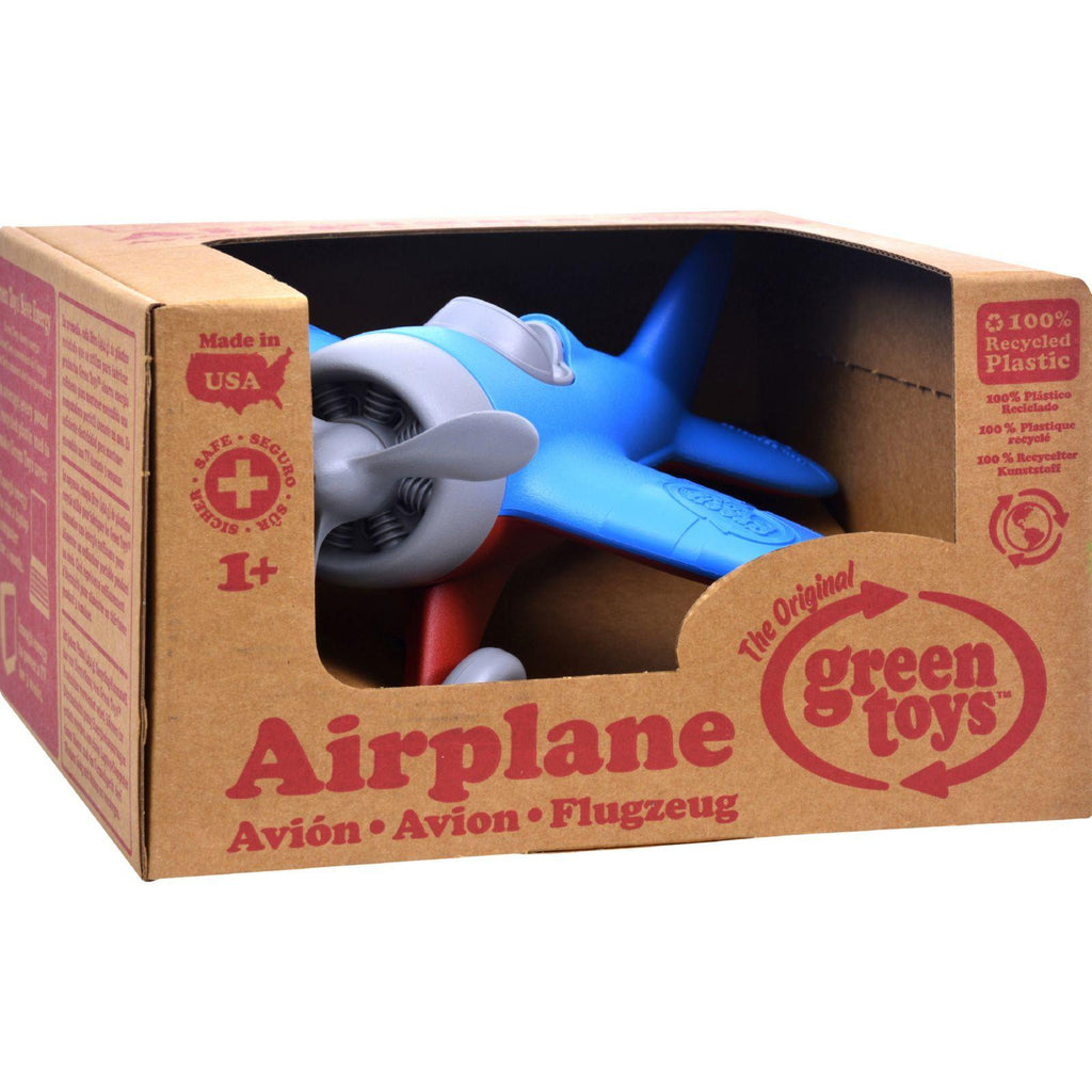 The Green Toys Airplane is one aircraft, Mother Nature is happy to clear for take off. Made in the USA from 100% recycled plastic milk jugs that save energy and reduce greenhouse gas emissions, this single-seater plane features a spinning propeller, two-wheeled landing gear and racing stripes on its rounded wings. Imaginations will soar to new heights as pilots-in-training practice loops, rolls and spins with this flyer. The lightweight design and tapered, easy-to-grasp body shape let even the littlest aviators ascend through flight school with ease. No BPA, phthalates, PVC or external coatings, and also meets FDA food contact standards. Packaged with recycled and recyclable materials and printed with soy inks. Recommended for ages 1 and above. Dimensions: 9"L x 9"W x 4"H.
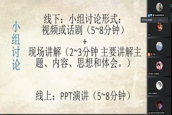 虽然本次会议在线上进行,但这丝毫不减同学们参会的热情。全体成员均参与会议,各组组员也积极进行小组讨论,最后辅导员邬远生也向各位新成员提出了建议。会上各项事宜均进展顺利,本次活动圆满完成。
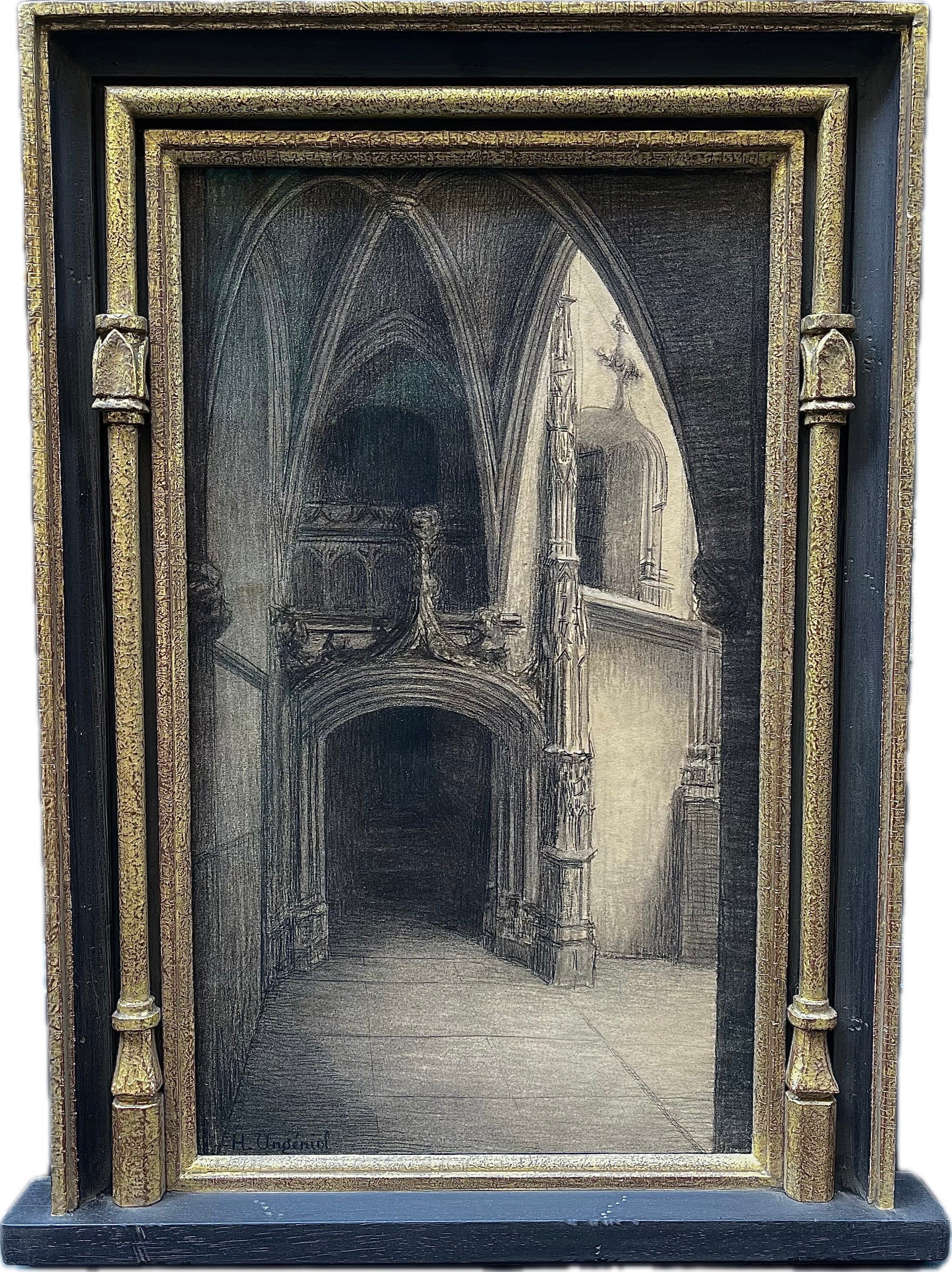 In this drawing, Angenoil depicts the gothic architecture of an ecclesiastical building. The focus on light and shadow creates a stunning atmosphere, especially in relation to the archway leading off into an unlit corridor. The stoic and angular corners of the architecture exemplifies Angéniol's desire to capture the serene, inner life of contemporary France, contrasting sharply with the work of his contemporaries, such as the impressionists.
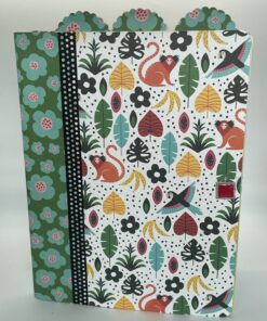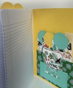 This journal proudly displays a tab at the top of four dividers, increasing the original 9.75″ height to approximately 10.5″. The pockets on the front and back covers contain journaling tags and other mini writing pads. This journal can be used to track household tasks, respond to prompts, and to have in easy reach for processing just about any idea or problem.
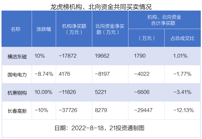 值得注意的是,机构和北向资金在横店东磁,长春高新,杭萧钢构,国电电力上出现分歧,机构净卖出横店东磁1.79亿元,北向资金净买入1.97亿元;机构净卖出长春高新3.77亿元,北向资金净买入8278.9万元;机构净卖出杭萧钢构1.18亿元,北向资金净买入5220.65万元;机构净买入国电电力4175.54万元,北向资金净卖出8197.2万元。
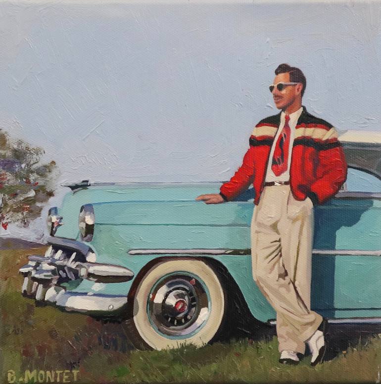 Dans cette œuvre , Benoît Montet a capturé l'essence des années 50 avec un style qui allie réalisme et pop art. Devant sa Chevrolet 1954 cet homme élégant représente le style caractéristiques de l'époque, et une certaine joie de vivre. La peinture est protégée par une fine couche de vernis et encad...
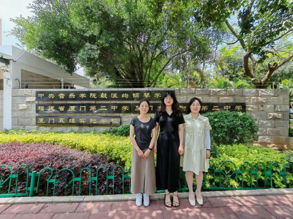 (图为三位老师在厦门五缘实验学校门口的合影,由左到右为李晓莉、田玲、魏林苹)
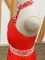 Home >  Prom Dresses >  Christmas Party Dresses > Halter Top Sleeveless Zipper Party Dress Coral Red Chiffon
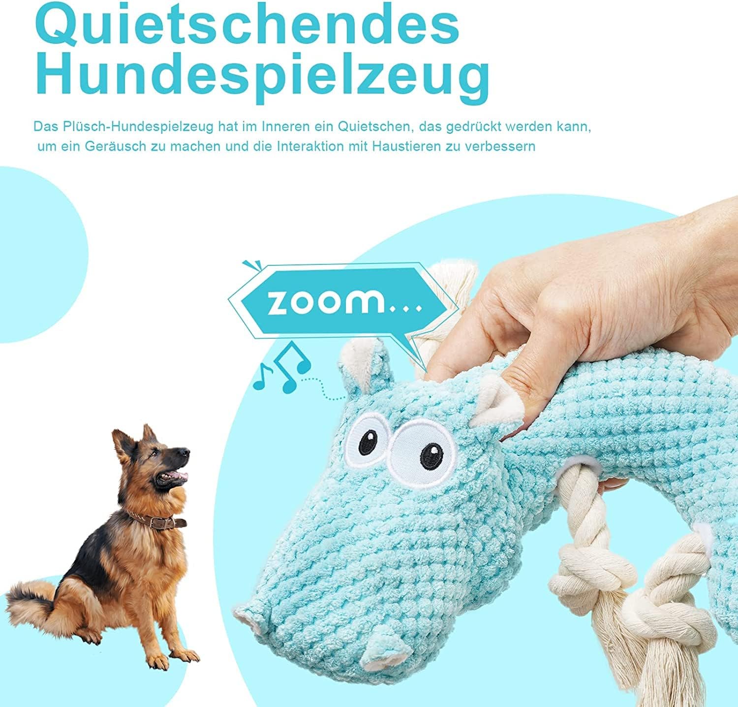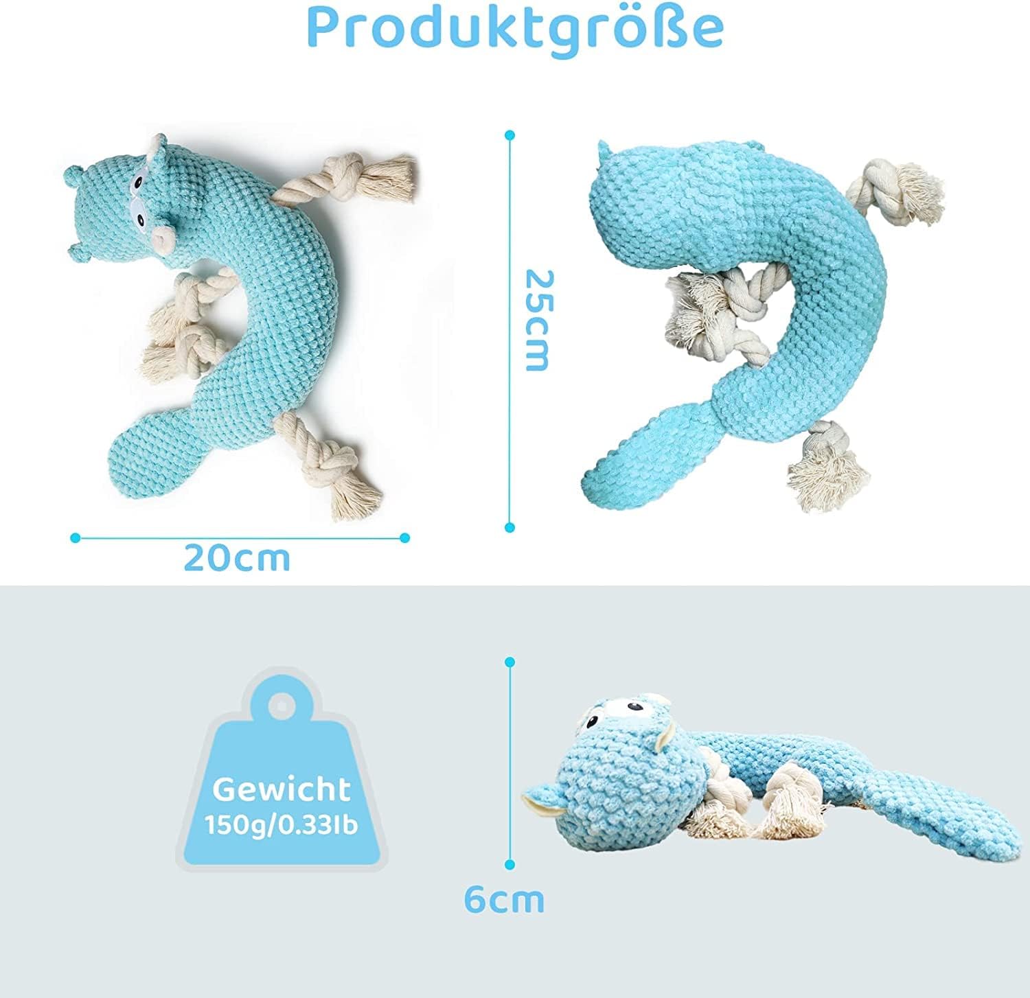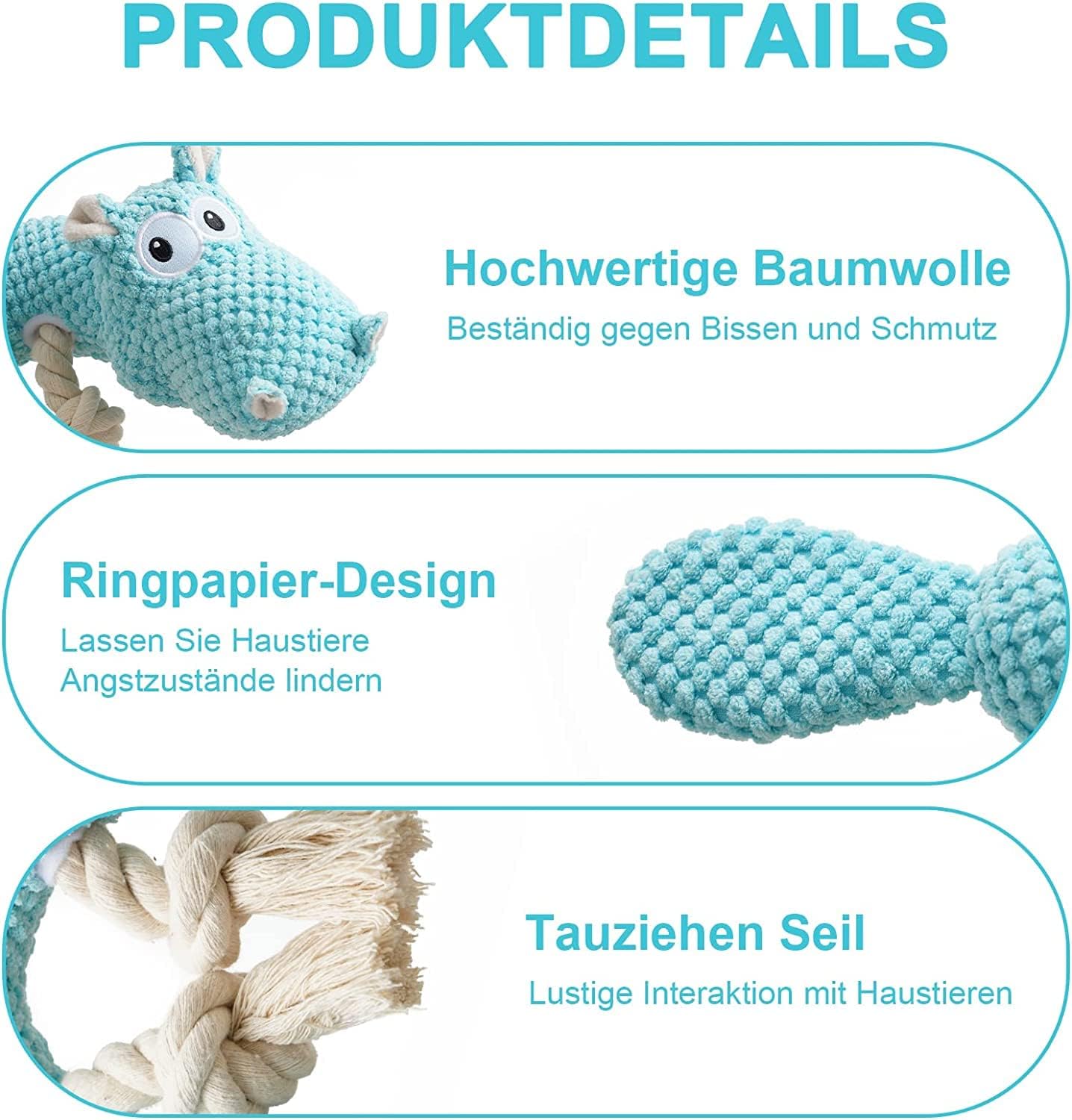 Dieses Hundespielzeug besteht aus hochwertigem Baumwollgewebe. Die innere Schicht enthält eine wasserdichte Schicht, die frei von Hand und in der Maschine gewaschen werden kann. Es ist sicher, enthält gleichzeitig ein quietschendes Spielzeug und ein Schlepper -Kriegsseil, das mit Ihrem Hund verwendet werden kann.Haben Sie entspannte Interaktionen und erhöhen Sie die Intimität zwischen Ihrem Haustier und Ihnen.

**WHAT YOU SHOULD DO:** Type out all the records verbatim, minus images.

**RESULT OF THIS EXERCISE:**
 The Green Toys Airplane is one aircraft, Mother Nature is happy to clear for take off. Made in the USA from 100% recycled plastic milk jugs that save energy and reduce greenhouse gas emissions, this single-seater plane features a spinning propeller, two-wheeled landing gear and racing stripes on its rounded wings. Imaginations will soar to new heights as pilots-in-training practice loops, rolls and spins with this flyer. The lightweight design and tapered, easy-to-grasp body shape let even the littlest aviators ascend through flight school with ease. No BPA, phthalates, PVC or external coatings, and also meets FDA food contact standards. Packaged with recycled and recyclable materials and printed with soy inks. Recommended for ages 1 and above. Dimensions: 9"L x 9"W x 4"H.
 虽然本次会议在线上进行,但这丝毫不减同学们参会的热情。全体成员均参与会议,各组组员也积极进行小组讨论,最后辅导员邬远生也向各位新成员提出了建议。会上各项事宜均进展顺利,本次活动圆满完成。
 In this drawing, Angenoil depicts the gothic architecture of an ecclesiastical building. The focus on light and shadow creates a stunning atmosphere, especially in relation to the archway leading off into an unlit corridor. The stoic and angular corners of the architecture exemplifies Angéniol's desire to capture the serene, inner life of contemporary France, contrasting sharply with the work of his contemporaries, such as the impressionists.
 This journal proudly displays a tab at the top of four dividers, increasing the original 9.75″ height to approximately 10.5″. The pockets on the front and back covers contain journaling tags and other mini writing pads. This journal can be used to track household tasks, respond to prompts, and to have in easy reach for processing just about any idea or problem.
 值得注意的是,机构和北向资金在横店东磁,长春高新,杭萧钢构,国电电力上出现分歧,机构净卖出横店东磁1.79亿元,北向资金净买入1.97亿元;机构净卖出长春高新3.77亿元,北向资金净买入8278.9万元;机构净卖出杭萧钢构1.18亿元,北向资金净买入5220.65万元;机构净买入国电电力4175.54万元,北向资金净卖出8197.2万元。
 Dans cette œuvre , Benoît Montet a capturé l'essence des années 50 avec un style qui allie réalisme et pop art. Devant sa Chevrolet 1954 cet homme élégant représente le style caractéristiques de l'époque, et une certaine joie de vivre. La peinture est protégée par une fine couche de vernis et encad...
 (图为三位老师在厦门五缘实验学校门口的合影,由左到右为李晓莉、田玲、魏林苹)
 Home >  Prom Dresses >  Christmas Party Dresses > Halter Top Sleeveless Zipper Party Dress Coral Red Chiffon
 Dieses Hundespielzeug besteht aus hochwertigem Baumwollgewebe. Die innere Schicht enthält eine wasserdichte Schicht, die frei von Hand und in der Maschine gewaschen werden kann. Es ist sicher, enthält gleichzeitig ein quietschendes Spielzeug und ein Schlepper -Kriegsseil, das mit Ihrem Hund verwendet werden kann.Haben Sie entspannte Interaktionen und erhöhen Sie die Intimität zwischen Ihrem Haustier und Ihnen.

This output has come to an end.